LEGO and Software – Variety and Specialisation

Since my first post on LEGO as a Metaphor for Software Reuse, I have done some more homework on existing analyses of LEGO® products, to understand what I could myself reuse and what gaps I could fill with further data analysis.

I’ve found three fascinating analyses that I share below. However, I should note that these analyses weren’t performed considering LEGO products as a metaphor or benchmark for software reuse. So I’ve continued to ask myself: what lessons can we take away for better management of software delivery? For this post, the key takeaways are market and product drivers of variety, specialisation and complexity, rather than strategies for reuse as such. I’m hoping to share more insight on reuse in LEGO in future posts, in the context of these market and product drivers.
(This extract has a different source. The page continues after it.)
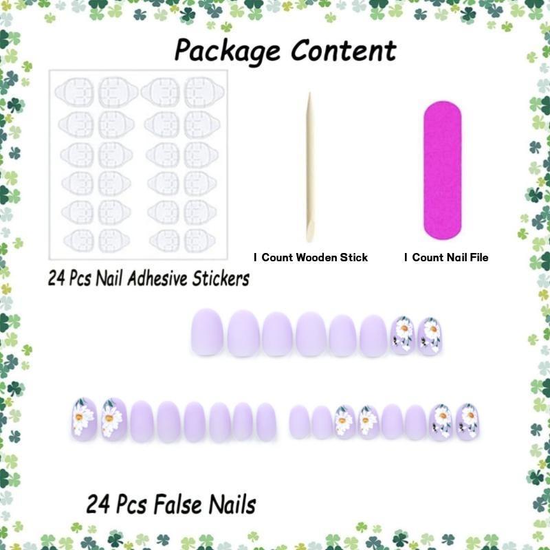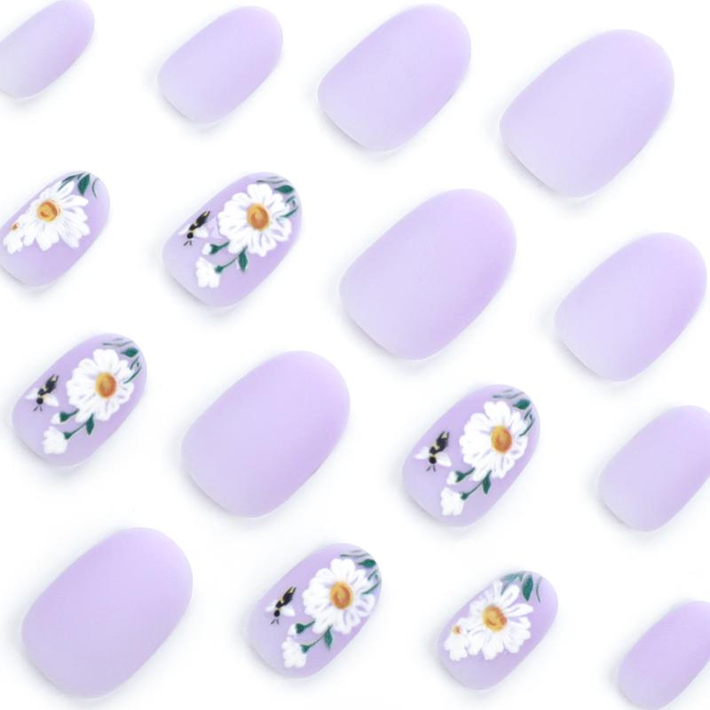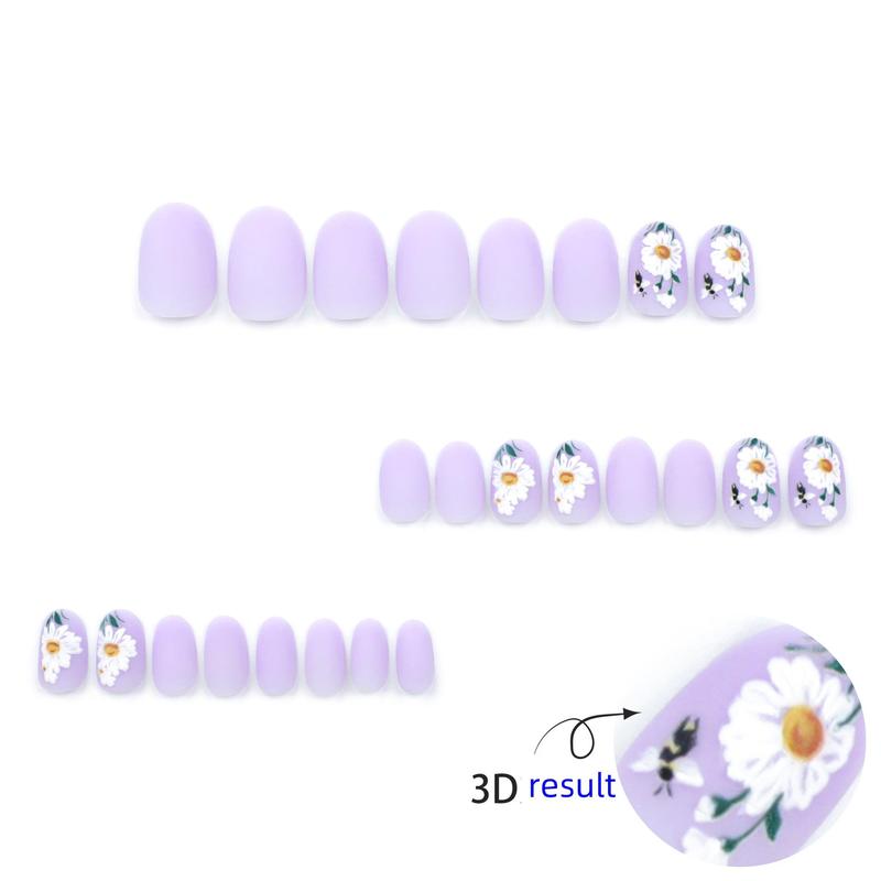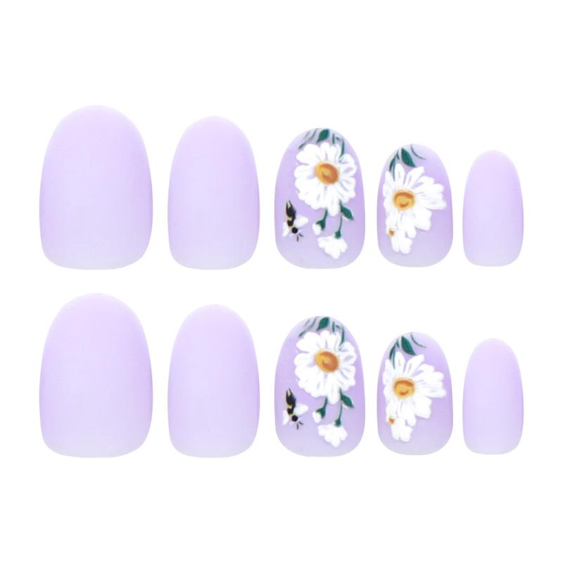 Daisy & Bee Pattern Fake Nail with Nail Art Tools, 24pcs/set Removable Nail Art Artificial Full Cover, Elegant Press on Nail Kit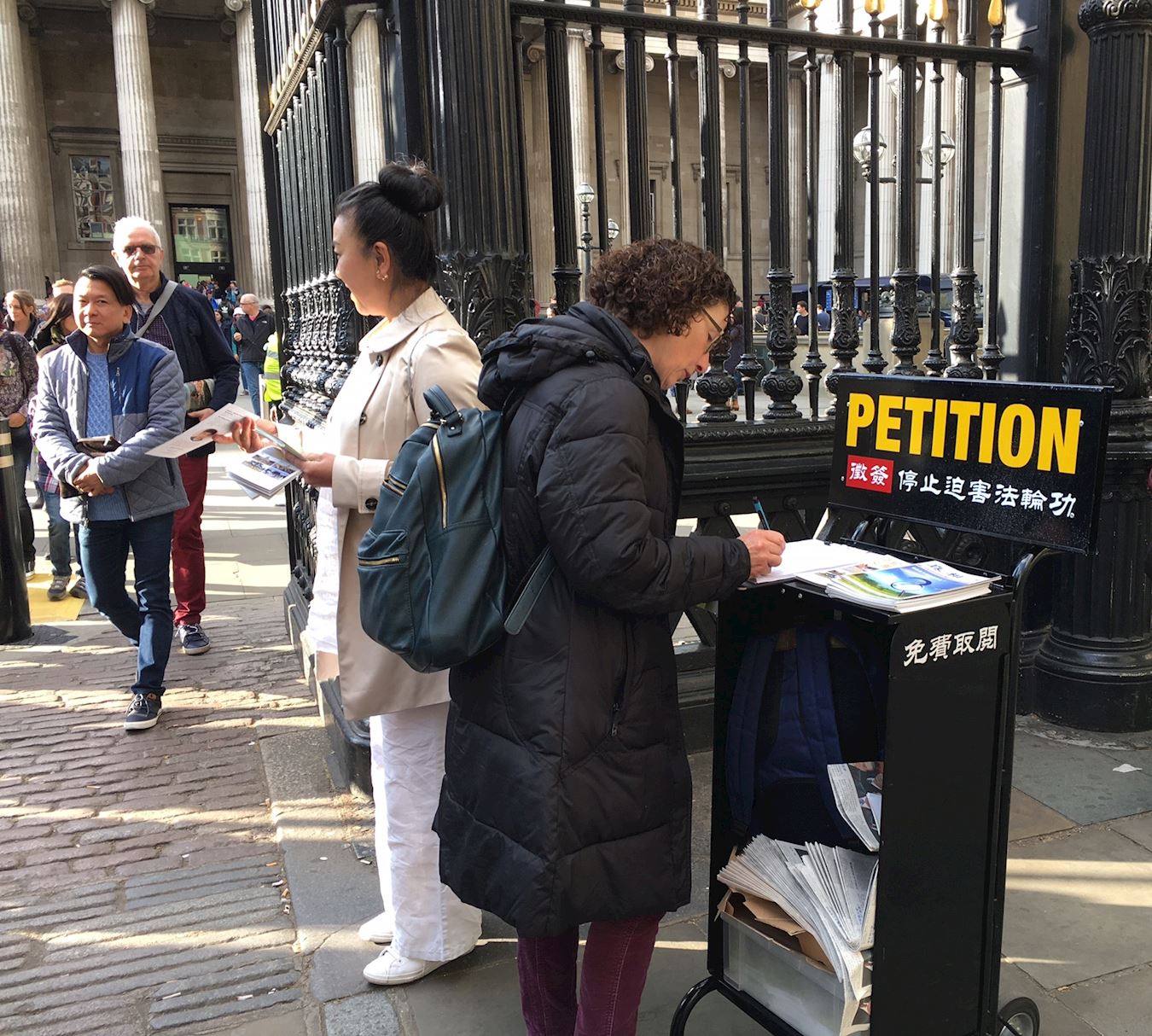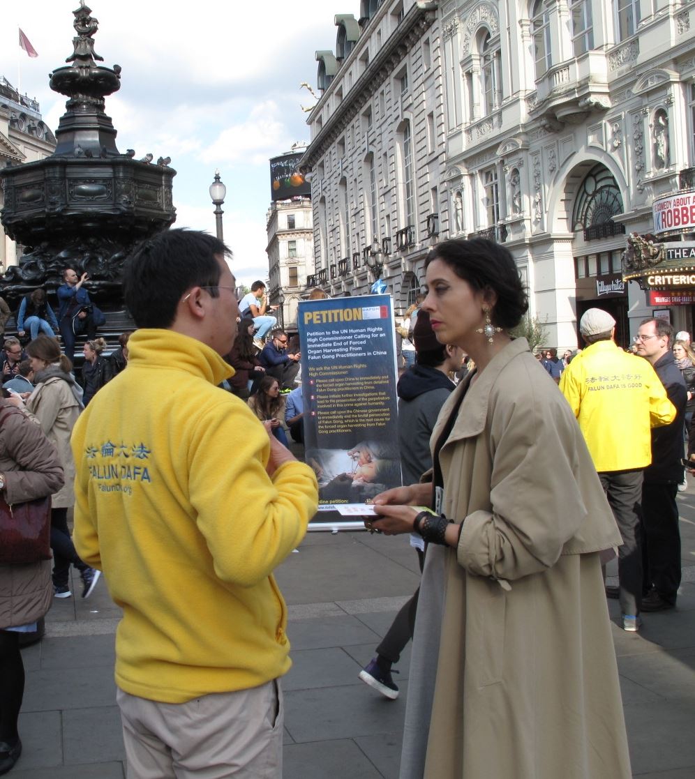 当天下午英国女士碧丽途径人潮纷繁涌动的皮卡迪利广场,她立即被反迫害反活摘征签展板所吸引并停下脚步观看,震惊中她向站在一旁发真相传单的法轮功学员询问真相。听闻中共大规模活摘法轮功学员器官贩卖牟利的反人类暴行,碧丽女士立即签名要求制止邪恶。

I also discovered the Rebrickable downloads and API, which I plan to use for any further analysis – I do hope I need to play with more data!

Reuse Concepts

I started all this thinking about software reuse, which is not an aim in itself, but a consideration and sometimes an outcome in efficiently satisfying software product objectives. As we think about reuse and consider existing analyses, I found it helpful to define a few related concepts:

  • Variety – the number of different forms or properties an entity under consideration might take. We might talk about variety of themes, sets, parts, and colours, etc.
  • Specialisation – of parts in particular, where parts serve only limited purposes.
  • Complexity – the combinations or interactions of entities, generally increasing with increasing variety and specialisation.
  • Sharing – of parts between sets in particular, where parts appear in multiple sets. We might infer specialisation from limited sharing.
  • Reuse – sharing, with further consideration of time, as some reuse scenarios may be identified when a part is introduced, some may emerge over time, and some opportunities for future reuse may not be realised.
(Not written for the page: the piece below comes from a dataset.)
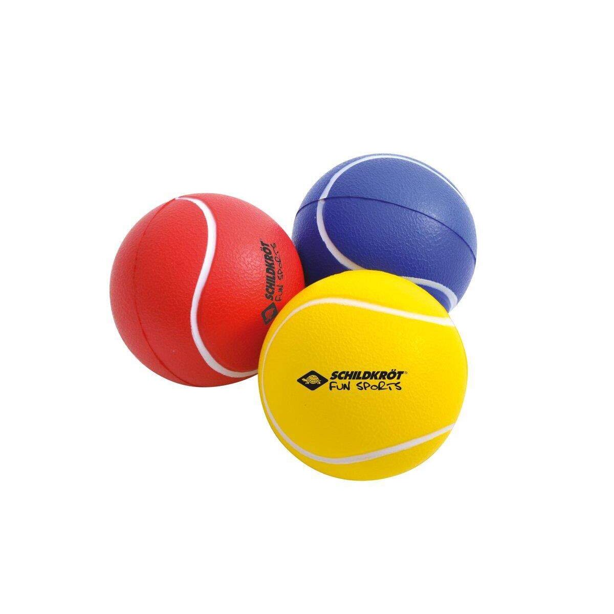 Die neuen Soft-Bälle aus hochwertigem PU-Schaumstoff Ø7cm von Schildkröt sorgen für viel Spaß bei unzähligen Spielen - sie bieten fast grenzenlose Einsatzmöglichkeiten. Durch ihr geringes Verletzungsrisiko und das geringe Risiko Schäden anzurichten sind sie ideal für den Einsatz im Haus, in Schule und Kindergarten, im Pausenhof, im Bereich Therapie oder im Behinderten-Sport. Der PU Schaum erzeugt ein gutes Absprungverhalten. Im Set enthalten sind 3 Bälle: ein Gelber, ein Roter, ein Blauer; alle in Tennisball-Optik. Die Bälle sind verpackt in einem Netz mit Kopfkarte.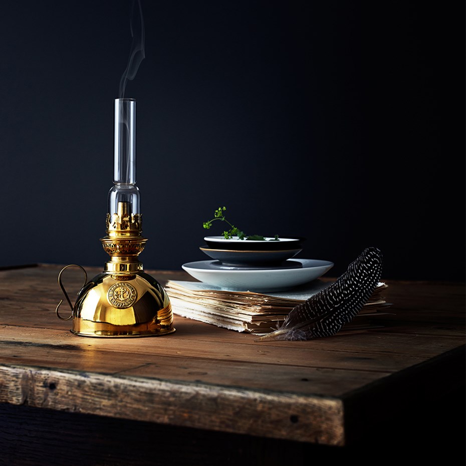 Nattlampan från Karlskrona Lampfabrik är en vacker fotogenlampa som passar utmärkt som alternativ till en vanlig ljusstake. Nattlampan har ett dekorativt förnicklat mässingsoljehus. Ljusstyrkan motsvarar ungefär ljusstyrkan hos sex stycken stearinljus. - Specifikationer

Considering these concepts, the first two analyses focus mainly on understanding variety and specialisation, while the third dives deeper into sharing and reuse.

Increase in Variety and Specialisation

The Colorful Lego

Visualisation of colours in use in LEGO sets over time
Analysis of LEGO colours in use over time. Source: The Colorful Lego Project

Great visualisations and analysis in this report and public dashboard from Edra Stafaj, Hyerim Hwang and Yiren Wang, driven primarily by the evolving colours found in LEGO sets of over time, and considering colour as a proxy for complexity. Some of the key findings:

  • The variety of colours has increased dramatically over time, with many recently introduced colours already discontinued.
  • The increase in variety of colours is connected with growth of new themes. Since 2010, there has been a marked increase in co-branded sets (“cooperative” theme, eg, Star Wars) and new in-house branded sets (“LEGO commercial” theme, eg, Ninjago) as a proportion of all sets.
  • That specialised pieces (as modelled by Minifig Heads – also noted as the differentiating part between themes) make up the bulk of new pieces, compared to new generic pieces (as modelled by Bricks & Plates).

Colour is an interesting dimension to consider, as it may be argued an aesthetic, rather than mechanical, consideration for reuse. However, as noted in the diversification of themes, creating and satisfying a wider array of customer segments is connected to the increasing variety of colour.

So I see variety and complexity increasing, and more specialisation over time. The discontinuation of colours suggests reuse may be reducing over time, even while generic bricks & plates persist.

67 Years of Lego Sets

Visualisation of the LEGO, in the LEGO, for the LEGO people. Source 67 Years of Lego Sets

An engaging summary from Joel Carron of the evolution of LEGO sets over the years, including Python notebook code, and complete with a final visualisation made of LEGO bricks! Some highlights:

  • The number of parts in a set has in general increased over time.
  • The smaller sets have remained a similar size over time, but the bigger sets keep getting bigger.
  • As above, colours are diversifying, with minor colours accounting for more pieces, and themes developing distinct colour palettes.
  • Parts and sets can be mapped in a graph or network showing the degree to which parts are shared between sets in different themes. This shows some themes share a lot of parts with other themes, while some themes have a greater proportion of unique parts. Generally, smaller themes (with fewer total parts) share more than larger themes (with more total parts).

So here we add to variety and specialisation with learning about sharing too, but without the chronological view of that would help us understand more about reuse – were sets with high degrees of part sharing developed concurrently or sequentially?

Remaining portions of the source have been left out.